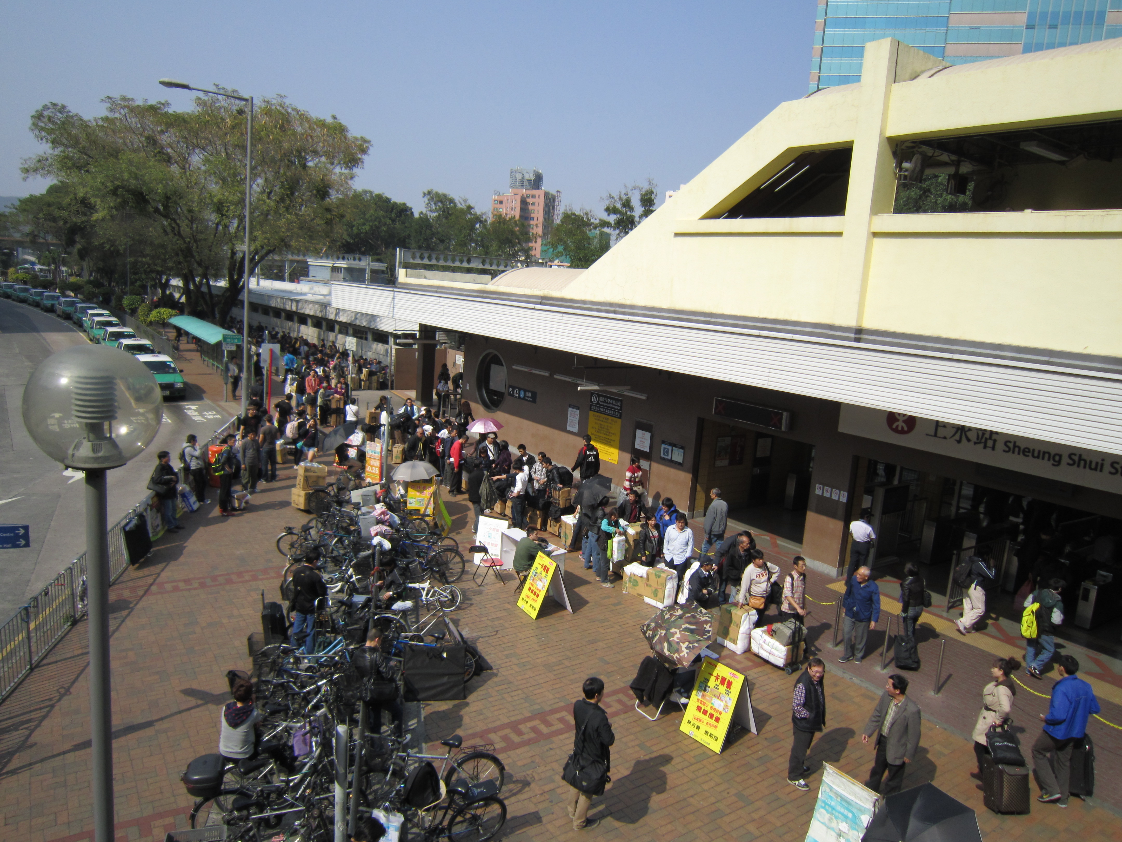 Parallel goods traders queuing outside SHS Exit C
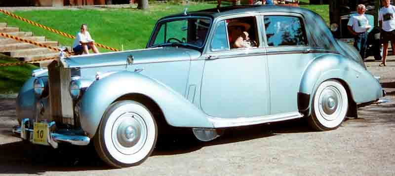 Rolls-Royce Silver Dawn 4-Door Saloon 1954
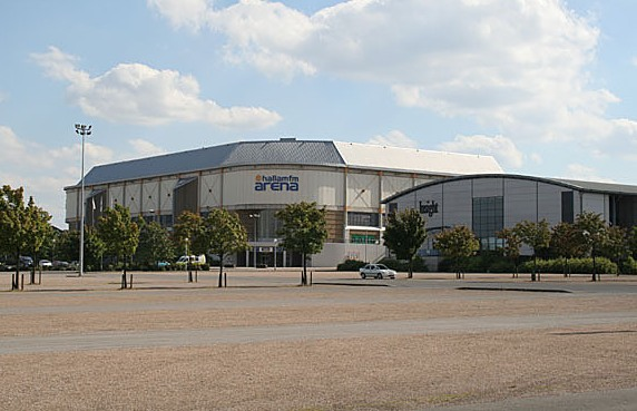 The Sheffield Arena Part of the revitalisation of the formerly heavily industrialised Don Valley

# # # # #

> _WORK INSTRUCTION_:
Your task is to repeat the listing exactly while omitting its pictures.

> _COMPLETED TASK_:
 Parallel goods traders queuing outside SHS Exit C
 Rolls-Royce Silver Dawn 4-Door Saloon 1954
 The Sheffield Arena Part of the revitalisation of the formerly heavily industrialised Don Valley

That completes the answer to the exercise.